Action item – With the images removed, return every line below exactly as it reads.

Data provided –

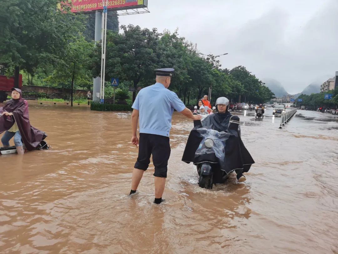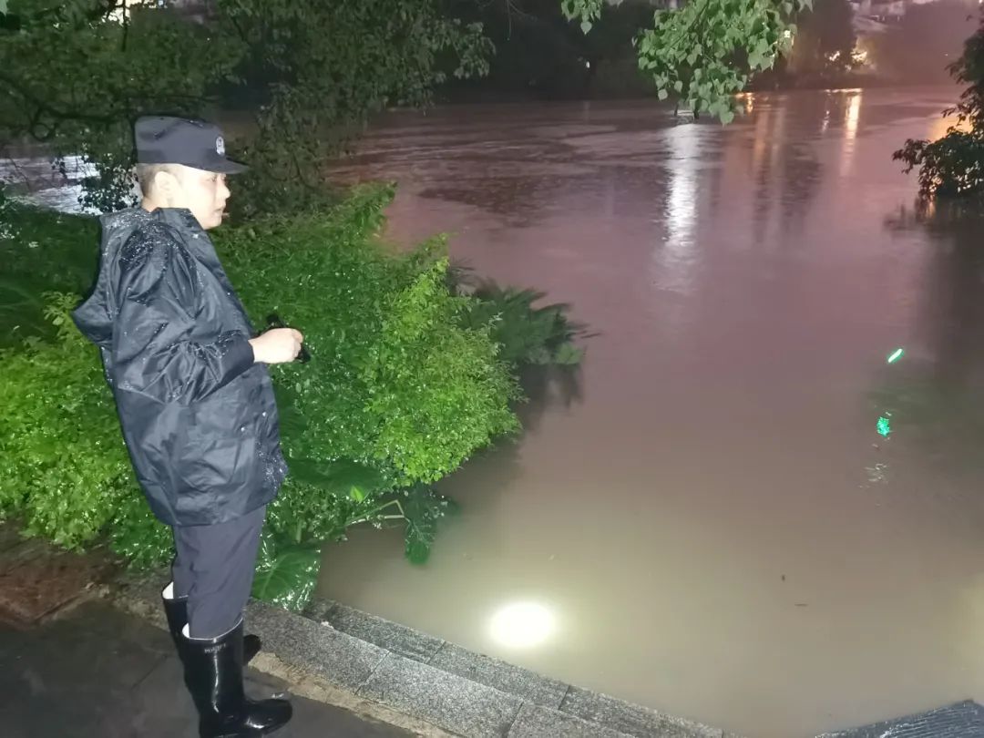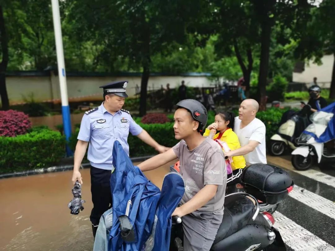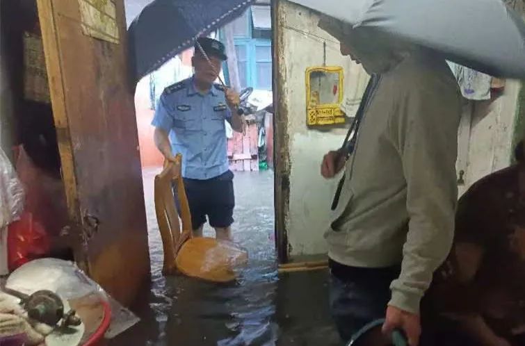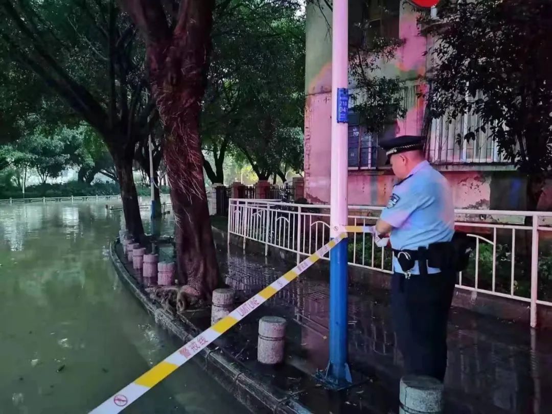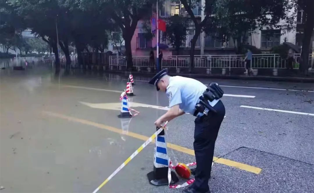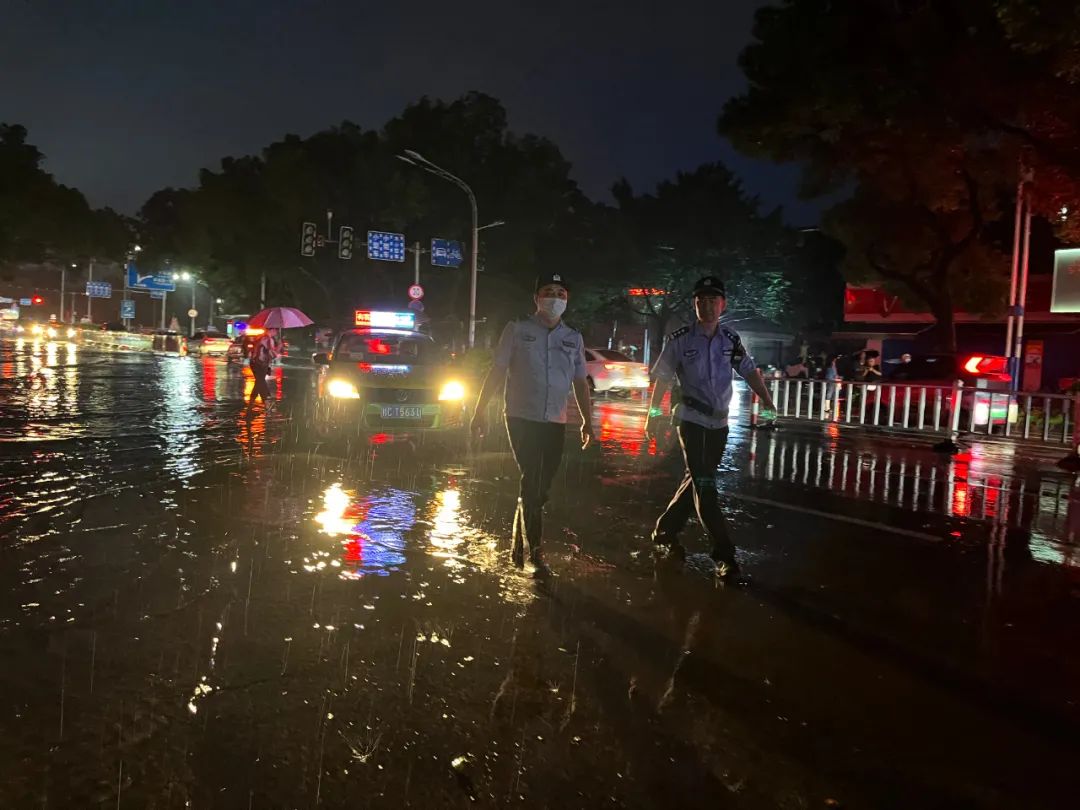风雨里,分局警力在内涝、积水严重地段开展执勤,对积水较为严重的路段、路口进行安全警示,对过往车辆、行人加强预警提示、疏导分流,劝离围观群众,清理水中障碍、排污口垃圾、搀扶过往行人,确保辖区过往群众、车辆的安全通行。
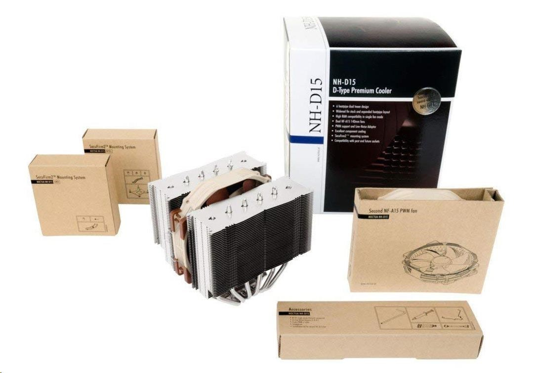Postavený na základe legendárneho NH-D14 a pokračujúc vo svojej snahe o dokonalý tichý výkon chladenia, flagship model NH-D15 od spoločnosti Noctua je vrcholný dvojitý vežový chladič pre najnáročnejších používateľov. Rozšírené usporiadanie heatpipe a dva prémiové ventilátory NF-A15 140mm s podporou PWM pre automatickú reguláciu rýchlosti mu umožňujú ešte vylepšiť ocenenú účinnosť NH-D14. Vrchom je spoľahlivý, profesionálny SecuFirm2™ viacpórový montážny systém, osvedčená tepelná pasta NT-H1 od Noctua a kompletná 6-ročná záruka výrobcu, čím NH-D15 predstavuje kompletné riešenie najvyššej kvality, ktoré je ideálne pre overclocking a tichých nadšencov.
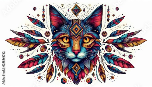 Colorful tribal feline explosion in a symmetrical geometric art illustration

Solution for this task –
风雨里,分局警力在内涝、积水严重地段开展执勤,对积水较为严重的路段、路口进行安全警示,对过往车辆、行人加强预警提示、疏导分流,劝离围观群众,清理水中障碍、排污口垃圾、搀扶过往行人,确保辖区过往群众、车辆的安全通行。
Postavený na základe legendárneho NH-D14 a pokračujúc vo svojej snahe o dokonalý tichý výkon chladenia, flagship model NH-D15 od spoločnosti Noctua je vrcholný dvojitý vežový chladič pre najnáročnejších používateľov. Rozšírené usporiadanie heatpipe a dva prémiové ventilátory NF-A15 140mm s podporou PWM pre automatickú reguláciu rýchlosti mu umožňujú ešte vylepšiť ocenenú účinnosť NH-D14. Vrchom je spoľahlivý, profesionálny SecuFirm2™ viacpórový montážny systém, osvedčená tepelná pasta NT-H1 od Noctua a kompletná 6-ročná záruka výrobcu, čím NH-D15 predstavuje kompletné riešenie najvyššej kvality, ktoré je ideálne pre overclocking a tichých nadšencov.
 Colorful tribal feline explosion in a symmetrical geometric art illustration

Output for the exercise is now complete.